To ensure that the cells were healthy before performing the bioactivity assays and the tested concentrations were not toxic to the cells, cell viability after treatment with various concentrations of the MSE was determined. The concentrations of the MSE that yielded cell viability higher than 80% were the main aim of this experiment. The RAW 264.7 cell viability slightly decreased with increasing the concentration of the MSE from 10 to 150 µg/ml (Figure 2). Identifying the concentrations of the MSE that yielded cell viability higher than 80%, it was found to be in the range of 10 to 40 µg/ml and the concentrations of the MSE selected for subsequent studies were 20 and 40 µg/ml. Oxyresveratrol was included in this study as the marker of the MSE. An equivalent amount of oxyresveratrol in each concentration of the extract tested (for example, equivalent amount of oxyresveratrol in the extract 100 µg/ml was 17 µg/ml) was also evaluated for the effect on cell viability. The results were shown to be similar to those observed in the MSE-treated cells (Figure 2). The anti-inflammatory effects of oxyresveratrol were also confirmed in subsequent studies, in which the selected concentrations of oxyresveratrol were 5 and 10 µg/ml.

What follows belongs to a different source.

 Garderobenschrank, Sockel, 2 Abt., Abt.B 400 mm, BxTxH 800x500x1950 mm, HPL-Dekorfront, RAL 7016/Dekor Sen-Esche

Figure 2: The percentage viability of RAW 264.7 cells which was untreated (negative control), treated with only 100 ng/ml LPS (positive control), and treated with various concentrations of MSE and oxyresveratrol in the presence of 100 ng/ml LPS for 24 h. The viability of cells was determined by MTT assay. The data were represented as means ± SD of three independent experiments.
3.4. Anti-Inflammatory Activity of the MSE

M. alba extract has been demonstrated to exhibit anti-inflammatory activity, through the inhibition of iNOS, NO, and COX [1015]. However, most of the extract tested was prepared from leaves [10, 11, 14] and root bark [12, 13, 15]. In our study, anti-inflammation activity of the extract prepared from mulberry stems was investigated.

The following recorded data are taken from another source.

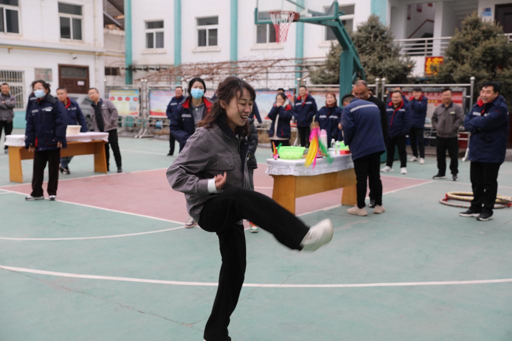 體育比拼,“賽”出活力。大年初五,“凝心聚力啟新程、幸福平安慶龍年”職工文體活動熱火朝天的進(jìn)行中,活動設(shè)有“踢毽子、蒙眼彈瓶蓋、三人兩足、一圈到底”等10項戶外體育運動項目,活動內(nèi)容豐富多彩,現(xiàn)場精彩紛呈,參賽職工們團(tuán)結(jié)協(xié)作、奮勇爭先,用智慧和力量進(jìn)行比拼,加油聲、吶喊聲、歡笑聲不絕于耳,大家熱情高漲、樂在其中,盡情享受文體活動帶來的歡樂。
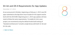 繼先前要求開發者從2015年2月1日起將App加入64位元架構程式碼設計後,蘋果再次提醒開發者必須在2015年6月1日後全面採用64位元架構編碼設計App,在此之後任何以32位元架構編碼提交的App將無法獲得蘋果核准於App Store上架。 雖然64位元架構處理器具備向下相容32位元架構程式碼軟體特性,但基於提供更好的運作效率與記憶體使用率,蘋果在稍早陸續要求開發者在20...... [閱讀更多]
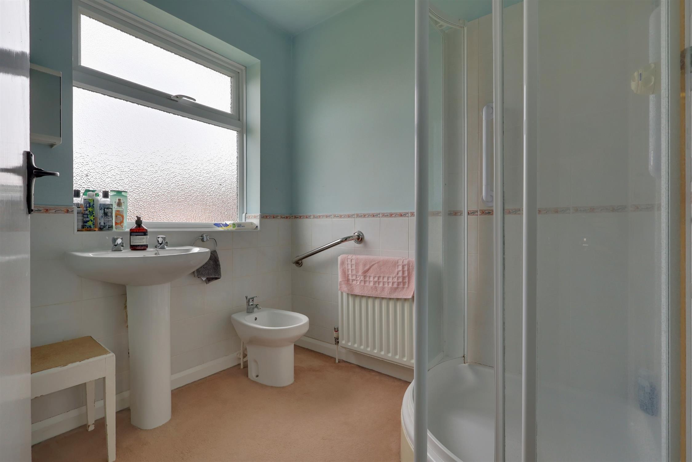 Shower cubicle. Ceramic sink. Bidet. Radiator. Frosted double glazed window.

In an LPS-stimulated mouse macrophage RAW 264.7 cells model, the NF-κB signaling pathway plays a crucial role in regulating inflammation through the transcription of iNOS, COX, and cytokine genes. Found in the cytoplasm of resting cells, dimer NF-κB is normally confined to an inactive cytoplasmic complex through binding to an inhibitory protein, I-κB, which masks its nuclear localization signal. Exposure of cells to external proinflammatory stimuli such as mitogens, inflammatory cytokines, and LPS causes rapid I-κB phosphorylation by I-κB kinase (IKK), resulting in free and subsequent nuclear translocation of NF-κB [16, 17]. In the nucleus, NF-κB induces the transcription of a large variety of target proinflammatory genes including iNOS and COX-2. iNOS then further facilitates the conversion of L-arginine to L-citrulline and a large amount of NO, while COX-2 catalyzes the conversion of arachidonic acid to prostaglandins. Prostaglandins (PGs), especially PGE2 and PGI2, cause vasodilation that contribute to the vascular signs of inflammation and potentiate edema formation [18, 19].

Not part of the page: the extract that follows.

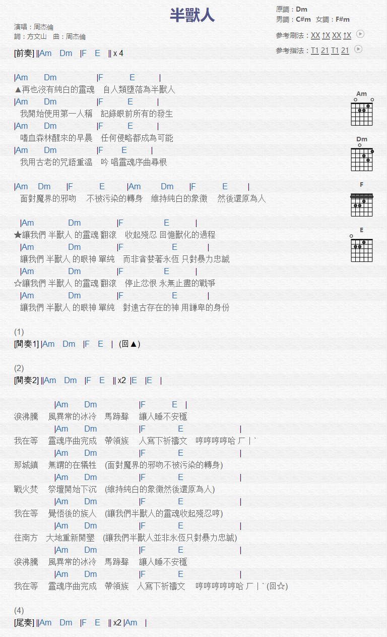 半兽人_吉他谱 - 半兽人 - 吉他弹唱谱

3.4.1. Effect of the MSE on the Expression of iNOS mRNA and Protein

The anti-inflammatory effects of the MSE at the concentrations of 20 and 40 μg/ml were investigated through the inhibition on the expression of iNOS mRNA and its protein as well as the production of NO. Oxyresveratrol (marker) at the concentrations of 5 and 10 μg/ml was also tested. β-Actin was used as an internal standard for RT-PCR assay. As expected, the expression of iNOS mRNA and its protein was detected by stimulating RAW 264.7 cells with LPS (Figures 3 and 4). The expression level of iNOS in cells treated with the MSE at the concentration of 40 μg/ml was decreased by 50% compared with that in cells treated with LPS alone (Figure 3). Similar results were observed in cells treated with oxyresveratrol.

Figure 3: The effects of MSE and oxyresveratrol on the expression of iNOS mRNA in RAW 264.7 cells. The untreated cells were used as a negative control and the cells treated with only 100 ng/ml LPS were served as a positive control. (a) RT-PCR analysis for detection of iNOS mRNA expression in LPS-stimulated RAW 264.7 cells which were pretreated with MSE at the concentrations of 20 and 40 µg/ml or oxyresveratrol at the concentrations 5 and 10 µg/ml for 2 h. (b) The relative expression of iNOS mRNA compared to β-actin. The data were represented as means ± SD of three independent experiments. The means marked with are significantly different () from that of the cells treated with only LPS.
Figure 4: The effects of MSE and oxyresveratrol on the expression of iNOS protein in RAW 264.7 cells. The untreated cells were used as a negative control and the cells treated with only 100 ng/ml LPS served as a positive control. (a) Immunoblotting analysis for determination the expression of iNOS protein in LPS-stimulated RAW 264.7 cells which were pretreated with MSE at the concentrations of 20 and 40 µg/ml or oxyresveratrol at the concentrations 5 and 10 µg/ml for 2 h. (b) The relative expression of iNOS protein compared to β-actin. The data were represented as means ± SD of three independent experiments. The means marked with , are significantly different () and (), respectively, from that of the cells treated with only LPS.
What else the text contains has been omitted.